A eucalyptus tree is planted as part of The Queen's Green Canopy project

Annual assessment for metropolis’s tree technique

2 minutes, 59 seconds Read

Revealed on Wednesday, June 29, 2022

A MAJOR plan that guides the administration of Leicester’s ‘city forest’ has been formally reviewed to replicate the progress that’s been made throughout 2021/22.

The town council’s tree technique was printed in November 2018, setting out the council’s dedication to sustaining and replenishing its tree inventory and enhancing the standard of the bushes in its care.

It additionally reaffirmed the council’s coverage of planting multiple tree to interchange any tree that’s misplaced – and recognised the necessary function that bushes play in decreasing air air pollution, supporting wildlife and mitigating the influence of floods.

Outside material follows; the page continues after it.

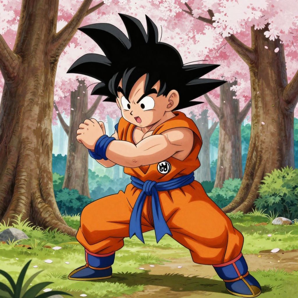 A portrait of kid goku, training in a forest, japan, cherry tree, by akira toriyama, hiper realistic, comic, anime, ultra detailed, intricate details, artstation, 4 k.

Now, the council’s bushes & woodlands crew have revisited the five-year plan to assessment the progress that’s been made up to now 12 months.

The assessment report – introduced to the Neighbourhood Providers Scrutiny Fee – notes that town council planted 19 new bushes for each tree misplaced in 2021/22, and planted a complete of 11,753 bushes in Leicester in 2021/22, with most of them (10,396) planted in schemes supported by the Forestry Fee, Earthwatch or Trees for Cities.

These embrace round 4,200 bushes at metropolis faculties, 3,400 small bushes in Appleton Park, 905 bushes in Monks Relaxation Gardens – and 80 massive bushes, 60 fruit bushes and 1,875 small bushes in Western Park.

As well as, round 750 small bushes got out to the general public to mark the Queen’s Platinum Jubilee, whereas a trio of bushes – chosen for his or her purple, white and blue foliage – have been planted in Abbey Park as a part of The Queen’s Inexperienced Cover challenge.

In the identical interval, 607 bushes – largely in poor situation – have been felled, together with 60 diseased bushes in Western Park, which have been eliminated to restrict the unfold of a lethal pathogen referred to as phytophthora.

All by-product waste from tree works was recycled and repurposed as biofuel, woodchip or logs.

An motion plan for managing the influence of a second lethal pathogen – ash dieback – can be printed throughout 2022/23. The illness – first recognised within the UK in 2012 – is having a devastating impact on ash bushes throughout Europe and is now well-established in Leicester. It’s estimated that ash dieback will end result within the lack of round 15,000 ash bushes from town council’s tree inventory over the subsequent 10 years.

Deputy metropolis mayor for the surroundings Cllr Adam Clarke mentioned: “This formal assessment offers us a possibility to look again on what we’ve achieved and renew our dedication to rising the variety of bushes within the metropolis council’s possession, whereas making certain that the standard of our tree inventory continues to be improved.

“Trees are massively worthwhile to our metropolis, bringing environmental and ecological advantages and vastly enhancing the look of our streets, parks and open areas – whereas supporting our well-being.

“However there are challenges for our bushes and woodlands crew, as lethal pathogens resembling phytophthora and ash dieback have an effect on the bushes within the metropolis, and tree species which are extra immune to illness have to be planted of their place.

“Our tree technique will proceed to information the administration of town’s bushes and woodlands by these difficult occasions – and assist be sure that town’s city forest is maintained and expanded for future generations to take pleasure in.”

Leicester Metropolis Council manages a tree inventory of 168,000 particular person bushes and 111 hectares of woodland.

This consists of bushes in parks and open areas, on freeway verges, on housing estates, throughout the grounds of faculties, and round group services.

Tree cover covers round 16% of town.




Image caption: A blue-leafed eucalyptus tree is planted in Abbey Park as a part of the Queen’s Inexperienced Cover challenge.